Below are the records; repeat exactly their lines between the line holding "Si conoce algo" and the line holding "智通财经APP获悉,联交所股", inclusive, skipping the pictures.

**PROVIDED ENTRIES**
◇ ◇ ◇

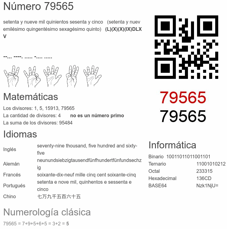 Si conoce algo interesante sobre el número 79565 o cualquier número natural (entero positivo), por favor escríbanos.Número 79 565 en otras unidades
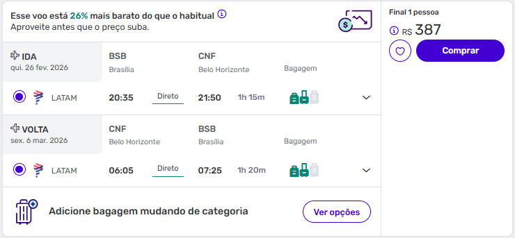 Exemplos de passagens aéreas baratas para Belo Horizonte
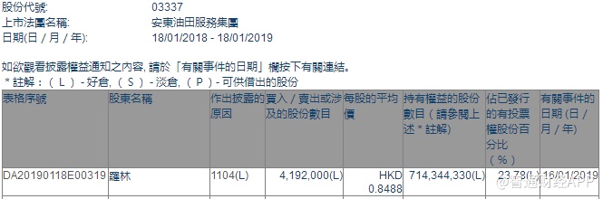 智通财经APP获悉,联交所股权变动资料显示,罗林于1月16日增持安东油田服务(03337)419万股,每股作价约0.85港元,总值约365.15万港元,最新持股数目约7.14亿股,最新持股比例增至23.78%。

◇ ◇ ◇

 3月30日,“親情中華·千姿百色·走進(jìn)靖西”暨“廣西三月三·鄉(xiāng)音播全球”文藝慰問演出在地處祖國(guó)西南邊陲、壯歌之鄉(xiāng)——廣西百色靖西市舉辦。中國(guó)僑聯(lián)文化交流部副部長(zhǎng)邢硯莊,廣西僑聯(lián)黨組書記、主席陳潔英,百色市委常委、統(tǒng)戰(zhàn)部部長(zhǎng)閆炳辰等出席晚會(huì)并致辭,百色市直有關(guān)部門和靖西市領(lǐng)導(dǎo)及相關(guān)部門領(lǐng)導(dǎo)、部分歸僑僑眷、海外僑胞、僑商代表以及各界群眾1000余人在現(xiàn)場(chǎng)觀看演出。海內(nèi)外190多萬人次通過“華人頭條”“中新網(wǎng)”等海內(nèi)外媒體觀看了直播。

◇ ◇ ◇

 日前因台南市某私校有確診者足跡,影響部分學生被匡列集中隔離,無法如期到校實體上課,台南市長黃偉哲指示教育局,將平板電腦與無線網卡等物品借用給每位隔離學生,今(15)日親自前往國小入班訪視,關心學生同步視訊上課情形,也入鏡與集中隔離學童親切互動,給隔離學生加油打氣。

◇ ◇ ◇

**WRITTEN SOLUTION**
 Si conoce algo interesante sobre el número 79565 o cualquier número natural (entero positivo), por favor escríbanos.Número 79 565 en otras unidades
 Exemplos de passagens aéreas baratas para Belo Horizonte
 智通财经APP获悉,联交所股权变动资料显示,罗林于1月16日增持安东油田服务(03337)419万股,每股作价约0.85港元,总值约365.15万港元,最新持股数目约7.14亿股,最新持股比例增至23.78%。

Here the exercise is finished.